While, admittingly, Pac-man 2: The New Adventures‘ game design is an intriguing hybrid between a life management sim, a point’n’click adventure and an arcade title, unfortunately the “mood system” ends up being quite the issue. Pac-man’s mid-life hysterical crisis might be, indeed, too much to handle for most players. His extreme mood swings are also a design choice that, at times, seems to clash with the whole harmless “interactive cartoon” aestethic Namco seemed to be aiming for.
Besides some extremes like Ren and Stimpy, there aren’t many cartoons around where the main hero gets depressed because of a “no entry” sign and could even go as far as to just give up on life and become entirely unresponsive to external stimuli, if nothing is done to cheer him up. Yes, really, he just sits down in the middle of the road and won’t move anymore. It doesn’t go as far as Pac entertaining thoughts of suicide, sure, but… not that very far off either.

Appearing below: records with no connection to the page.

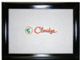
SHOWN WITH OPTIONAL EMBROIDERY LOGO

Specify tack surface material after model #: D for Designer Fabric; F for Fabriccork; or CC for Claridge Cork. *Add 1.5 lbs. per sq. ft. for weight of Claridge Cork tackboards.
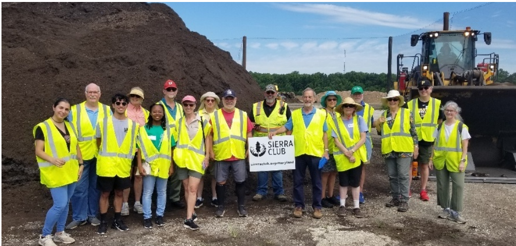
Tours of Organics Composting Facility, July 2023 and Ritchie Land Reclamation Landfill, August 2023

The Zero Waste team met virtually each monthly. We hosted educational tours of the Materials Recycling Facility, the Organics Composting Facility, the Brown Station Road Sanitary Landfill, and the Ritchie Land Reclamation Landfill, and participated with SWAC in a tour of TurboHaul Mattress Recycling. We also monitored the roll out of the food service accessories “on request” bill, continued tracking of synthetic turf fields for statewide legislation, collaborating with the Solid Waste Advisory Commission, and laid the groundwork for a future event on illegal dumping, and updated the website. We also contributed to mass emails about reduction of plastic waste and expansion of the County’s curbside composting program to augment publicity about the curbside compost pickup program for unincorporated areas and supported the efforts toward composting programs in municipalities.
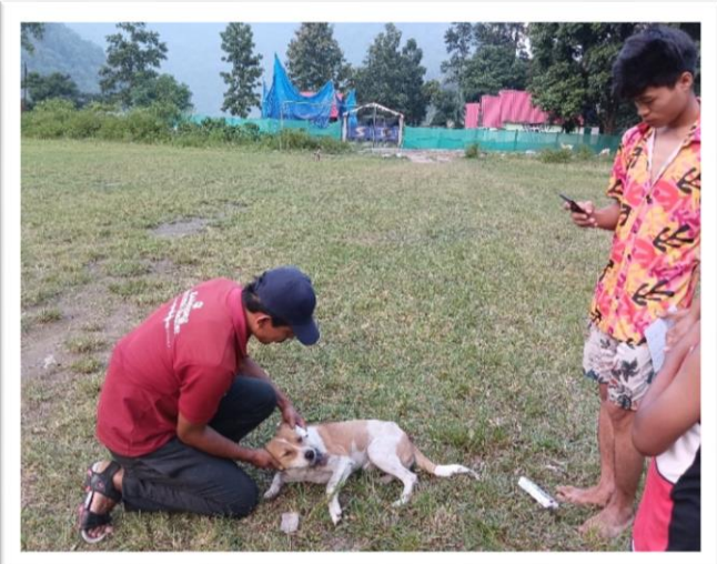
The Shelter team vaccinates dogs in the flood-affected area

The rescued puppies from the flash-flood-affected Teesta are thriving and growing rapidly. One of the four puppies has already found a loving family in Kalimpong, and we remain hopeful that the others will soon find forever homes as well.
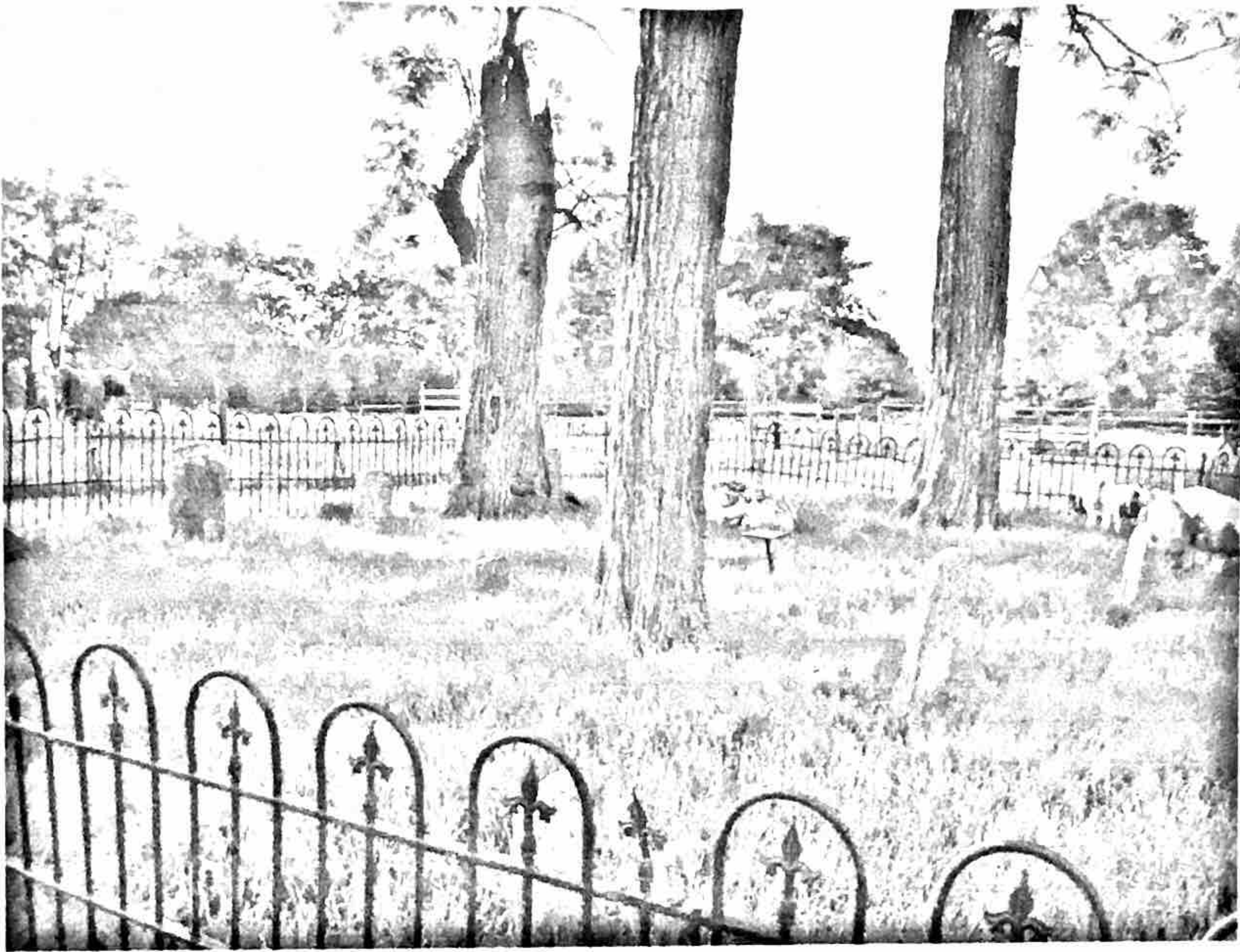
100-0017 Looking east from southwest corner of cemetery.

2014 HAYES FAMILY CEMETERY 22310 W. HARRIS ROAD BARNESVILLE

If the developers had kept Pac-man’s mood in check, the game could have been something more than just a wacky entry in the series. The idea of being part of an interactive cartoon, while feeling very much 90s at its core, might indeed be fun also for grown-ups if the overall humour is mature enough. But it mostly is not and playing can easily become a chore, thanks to Pac’s ignoring the player’s inputs, sometimes even regardless of his actual moods.

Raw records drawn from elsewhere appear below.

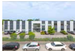
AKG Thermotechnik GmbH & Co. KG Dortmund, Germany
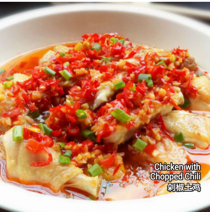
Chicken with Chopped Chili 剁椒土鸡
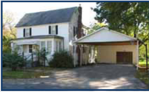
Parcel #1: 1012 North State Brookfield
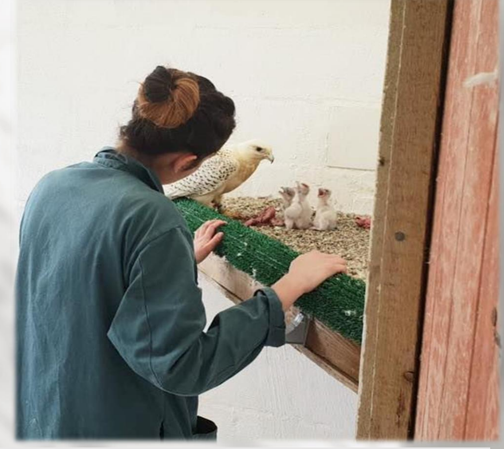
Helping a young mother with her new chicks

Established in 1985, we are one of the Britain's longest established breeding facilities, producing high quality falcons for Royal Families of the United
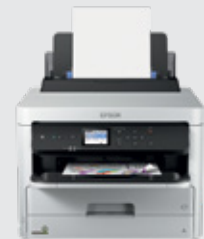
WF-C5000 Pro Series
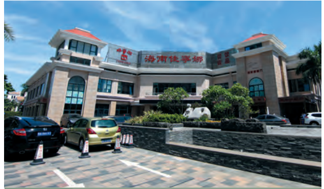
Hainan Carrianna Restaurant 海南佳寧娜酒樓
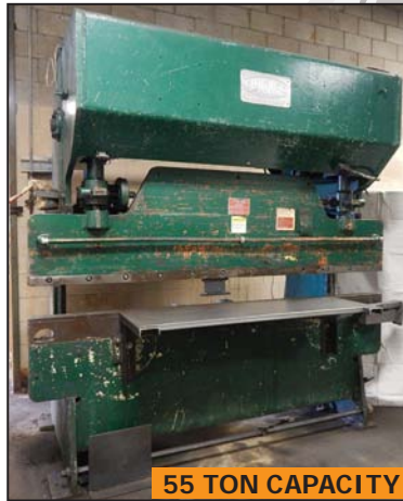
DREIS AND KRUMP 68-B hydraulic press brake

This appears to be intentional design on Namco’s part: he is supposed to put up a fight, like training a puppy dog with a bad temper. Thusly, if one is not enamored with our hero’s energy, mood swings and weird faces (which are indeed fun, I’ll give him that), The New Adventures is, more than an acquired taste, a hard sell. Sound design is also interesting, since Pac-man and his family have musical instruments that double as voices, which definitely keeps with the whole “interactive cartoon” vibe, while the player has – coherently – a real human voice.

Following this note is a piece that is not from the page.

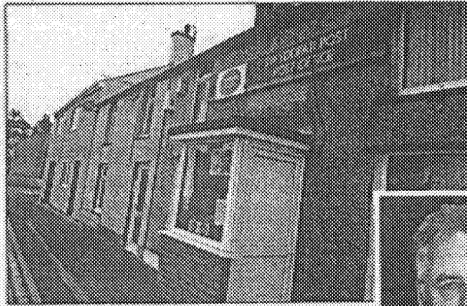
Post office Gaellween post office is set to reopen this week.
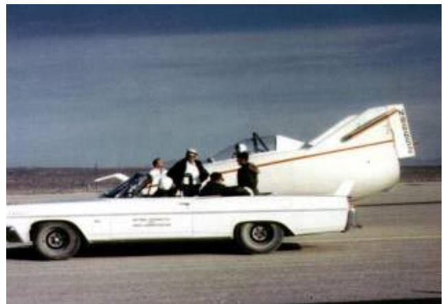
M2-F1 with the grossly over-powered tow vehicle

Starting with the tube and wood M2-F1 (a “proof-of-concept” vehicle towed behind a Pontiac convertible with a 500 HP engine specially built by Mickey Thompson, and later behind a C-47), the aluminum M2-F2 (B-52 air drop), the M2-F3 (same as M2-F2 with extra vertical fin in the middle), the HL-10 (from Langley), all under NASA control, and the USAF X-24A and X-24B projects. Wen’s posse included Joe Walker , Bruce Peterson (who later starred in the opening of the TV show “6 Million Dollar Man”), and Bill Dana (who spent the ‘60s being confused with a stand-up comedian of the same name posing as Jose Jimenez , the reluctant astronaut).

Now for the kicker: as mentioned in the intro Pac-man 2: The New Adventures was never intended to be a “true” sequel to the original. It was originally released in Japan as “Hello! Pac-man” with no hints whatsoever that it was supposed to be a sequel. Yes, this is once again, another title-change with little to no thought behind it, to which the western markets were, by then, accustomed.
My opinion is that those reviewers who lash out at Pac-man being frustrating or useless, are missing the point. Trying to play it definitely requires keeping an open mind, one might find out it is possible to have fun even beyond trying to solve the puzzles. It is a game that invites experimentation, for example by torturing the poor soul or, instead, leisurely enjoy the relaxed pace. It can definitely be a family friendly experience, if one doesn’t mind a hearty slice of 90s wild mood swings (The Cure references in my articles: 1). The little details that Namco spliced in – like the Pac going back to gawk at a solved puzzle just to act all “arrogant” – to make our hero cartoony and fun are definitely cute and might get a smile out of even the more hardened players.
While the game design seems to have come out a few years before the success of the Tamagotchi and its design could have used some work, Pac-man 2‘s attempt at trying something a bit different from the crowd and the series itself, is worthy of respect. A brave choice for an off-the-wall title that will test many a gamer’s patience but may also bring a smile to their face.